There are many reasons why Barisa Rock has become something of a Turkish Woodstock. To begin with, the festival has been able to grow in size and stature while remaining grassroots because its organizers could build on Turkey’s well-developed network of leftist, peace, environmental, and anti-corporate globalization movements. Together they have more organizational as well as financial resources than their counterparts in most other countries in the region, including the organizers of the Boulevard des jeunes musiciens or Dubai Desert Rock. As important are the social and sexual freedoms experienced by the tens of thousands of fans who camp out for three days in a space that is free of outside interference or prying eyes, with dozens of activist booths and stages for poetry, lectures, and theater, to enrich the experience.

Musically, Barisa resembles the Boulevard des jeunes musiciens at the other end of the Mediterranean in the trampling of musical boundaries that is featured in its lineups each year, which include bands from Ireland to Iran. This is nothing new in Turkish music; as Cahit Berkay, guitarist and saz player for the “Rolling Stones of Turkey,” Mogollar, explained it to me. “You think mixing Eastern instruments over rock grooves is new? We were doing that forty years ago. The key for us is that we never just copied the West. It was always us taking what we heard to a new level. That’s why we still can play in front of 20,000 people after all this time.”

Pulling this off is not as easy as Berkay makes it sound. “There’s a delicate balance we have to keep,” Avi Haligua said. The balance between politics and partying, metalheads and muhajababes, had to be just right: “Politics is the driving force. The environment, peace and justice, women’s issues—all these messages have to get through to the crowd, otherwise what’s the point? They might as well just go to Rock ’n’ Coke.

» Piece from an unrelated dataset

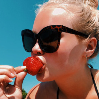 The image shows a woman enjoying a strawberry. She is wearing sunglasses, suggesting it might be a sunny day. She has blonde hair and appears to be at the beach or near a body of water, given the sandy area visible in the background.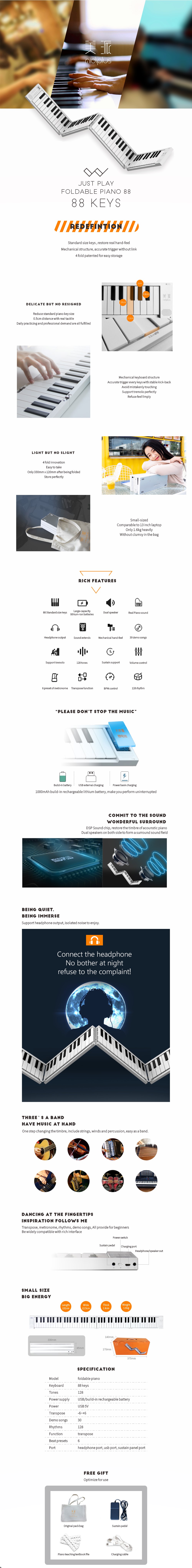 Складная электронная клавиатура MIDIPLUS для пианино, 88 клавиш, 128 тонов, двойной выход динамики наушники с педалью поддержки, Новинка

But we have to do it as much through the music, and especially through the sense of community and conversations we create each year and the long-term connections we help forge, as through the information we try to get into fans’ hands and minds.”

The Funky Iranian

For me, round one of the conversation Haligua has tried to create occurred on the festival’s opening night, when I sat in with the group Massar Egbari, whose soulful combination of rock, Latin, and Egyptian melodies and instruments has quickly made it one of the premier bands in Egypt. “We’re about having conversations that can challenge enforced identities and politics,” guitarist Hani El Dakkak explained the morning after their show. “In a situation like ours, where mosque and state are far more powerful than here, you have to be positive, create conversations, not allow the political situation to stop you from reaching out and spreading the word that another future is possible.” But the conversation has to extend beyond Egypt to really succeed. “Like when you came onstage, and without having met us, started trading solos with us. It has to be free, honest, and push the boundaries but with respect,” Hani continued.

Farzad Golpayegani’s British drummer, Eddie Wastnidge, agreed with Hani’s assessment of the role of music in generating such conversations. “And performing such music in Istanbul—it’s the ultimate fusion where East and West can meet, and have met for centuries.” It wasn’t surprising, then, that in the context of ever-worsening relations between Iran, the UK, and the United States, Eddie jumped at the idea of rejoining Farzad and an American guest guitarist at Barisa Rock. It was hard for any of us to pass up the chance to make such a public statement against the political and cultural status quo on all sides.

The most meaningful demonstration of just how powerful that communication could be occurred when percussionist Arash Jafari called out to the crowd, to great applause: “Muslims, Christians…Jews [he paused for a second before adding Jews]. Together, for peace, not war!” It was clear from the crowd’s reaction how important it was for the fans to hear such a statement from a group of musicians whose countries were engaged in a war of words (over Iran’s alleged nuclear weapons program) that threatened to move toward military confrontation as the festival was taking place.